暮色藍灰灰糊在玻璃上,辦公室裏走了一大半人。

她收拾東西,拎起包。

電梯裏給林書昱發消息:【到了嗎?】

他秒回:【在樓下了。】

她走出大堂,看見他的車停在老位置。

他靠在車門邊,手裏拎個塑料袋,正低頭看手機。

路燈剛亮,橘黃色光暈籠著他,頭發被晚風吹得有點亂。

她走過去。

他擡起頭,把袋子遞過來。

“買的板栗,還熱著。”

她接過來,手心觸到紙袋的底部,確實溫溫的。

他拉開副駕門,她坐進去,系安全帶。

他從另一側上車,發動。

車匯入晚高峰的車流。

她剝開一顆板栗,栗肉金燦燦完整脫殼。

她遞到他嘴邊,他張嘴銜過去。

“甜嗎?”

“甜。”他腮幫子鼓著。

她又剝一顆,自己吃了。

車載廣播播著路況,女聲機械,前方擁堵,建議繞行。

他沒換臺,就讓那聲音絮絮叨叨填滿車廂。

等紅燈時他伸手過來,握住她擱在腿上的手。

“我媽剛才跟我說了很多。”他說。

“嗯。”

“說彩禮的事。”他頓了頓,“她給湊了十八萬。”

江晚喬轉頭看他。

“我跟她說不用,我有錢,她不聽。”他拇指摩挲她手背,“說這是該給的。”

“那你拿著吧,我本來也沒打算要。”江晚喬想了想。

林書昱把手收回去,專註開車,一會兒又說:“不行,該給的還是要給,她給你就拿著唄。”

“你爸媽賺錢也不容易,算了。”

林書昱笑著說,“他們手底下有錢,早些年我爸做煙酒生意,賺了不少,後來年紀大了閑不住才開便利店的,你放心吧。”

江晚喬笑著,“隨你吧。”

到家停好車,他接了個電話。

她拎著板栗先上樓,進門開燈,換鞋,把板栗擱茶幾上。

想了想,給她媽打了個電話,“媽,書昱媽媽說要給十八萬彩禮。

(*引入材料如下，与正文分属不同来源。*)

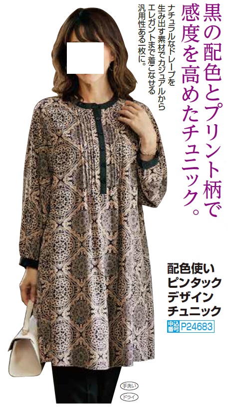 配色使いピンタックデザインチュニック ベージュ チュニック クルーネック レディース 婦人服 ミセス シニア 女性 長袖 プリント柄 上品 フェミニン クラシカル レトロ かわいい シニアファッション 40代 50代 60代 70代 80代 母の日 お母さん 秋冬 nss p24683

”

媽媽沒馬上說話。

她聽見那邊窸窸窣窣,像在翻找什麽。

“那我也給你十八萬。”媽媽聲音定了。

“媽……”

“你別攔。”媽媽打斷她,“她給多少,我也給多少,你都帶上,自己存著。”

她握著手機,眼睛有點酸。

“媽,我們不缺錢。”

“缺不缺是你們的事,給不給是我的事。”媽媽語氣難得強硬,“你一個人在外頭這些年,媽媽什麽忙都沒幫上,這錢你收著,萬一哪天……有個急用。”

她沒再推。

掛掉電話,她站著發了會兒呆。

林書昱開門進來,換好鞋子,走過來,從背後抱住她。

“我剛給我媽打電話,她說她給十八萬陪嫁。”

林書昱有些吃驚,“啊?”

“嗯,”江晚喬笑瞇瞇捏捏他環在自己腰間的手,“你啊什麽,又不是給你的。”

林書昱傻笑:“就是高興唄,雙方父母都支持的婚姻,多幸福。”

江晚喬也笑,“是啊。”

林書昱扳過她,讓她面對自己,“江晚喬。”

“嗯?”

“我會對你好,一輩子,你放心吧!”

江晚喬笑著看他,“好啊。”

林書昱晃她的肩膀,“那你呢?”

幼稚不幼稚。

江晚喬笑得眼睛彎彎,“我啊……”

“什麽?”林書昱急了,“你什麽?”

江晚喬笑得直不起腰,“我啊,也一樣,放心吧!”

林書昱長舒一口氣,緊緊抱住她。

兩個人沈默了一會兒。

“錢我們都存著。”他說,“老人家有需要的時候再拿出來。”

她點點頭。

一周後,婚假批下來了。

領導簽字時看了她一眼,笑著說年輕真好。

她謝過。

不辦婚禮是她提的。

他說隨你,怎麽都行,她便定了旅行結婚,順便度蜜月。

選馬爾代夫是她的主意,他沒去過,她也沒去過。

兩個人對著攻略查了一禮拜,從島嶼選擇到航班時間,從簽證材料到浮潛裝備。

出發那天是個晴天。

航班淩晨起飛,他們前一晚幾乎沒睡。

收拾行李,反覆檢查證件。

過海關,登機,找座位,他讓她靠窗,自己坐中間,起飛時她有些緊張,抓著扶手,他伸過手覆在她手背上,輕輕握了握。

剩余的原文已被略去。